The confusion about Afghanistan’s historical tribal and ethnic fragmentation and ideological cleavages manifest in Vice President Biden’s remark raises further questions about the wisdom of his call for talks. To begin with, the Durand Line between Afghanistan and Pakistan is what it has always been--a line in the water, a fiction between two “countries” that are both political fictions, ethnically and culturally. With the growth of Islamism in Pakistan, which is by definition hostile to ethnicity and nationalism, the difference between “Pakistani” and “Afghan” Taliban has largely disappeared. That means that Biden’s negotiations with the “Taliban” would actually be talks with Islamist radicals from Swat Valley to the Federally Administered Tribal Areas (FATA) to Kandahar and Helmand – a pluri-ethnic, pluri-“national” conglomerate united by radical hostility to everything the United States would require. The fact that a majority of the population there – on both sides of the “border” –accept, and a large and growing minority are prepared to die for, the Islamist cause means that “talks” with “moderate” Taliban would necessarily engage only irrelevant elements.  

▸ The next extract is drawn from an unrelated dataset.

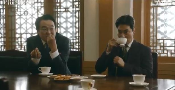 Min says the President and the Chief Justice are just temporary employees chosen by the Foundation. Park serves Sun-A some tea and she drinks it.

So, what is there to “talk” about with the illusory “moderate” Taliban? How many unveiled women should be killed? How much below 90 percent of sharia law should be part of the judicial system? It is the advocates of “negotiations,” not their opponents, who have the burden of proving that “talks” are not another way of giving up--with all the implications of defeat.

Michael Radu is Senior Fellow and Co - Chair, Center on Terrorism and Counterterrorism, at the Foreign Policy Research Institute in Philadelphia.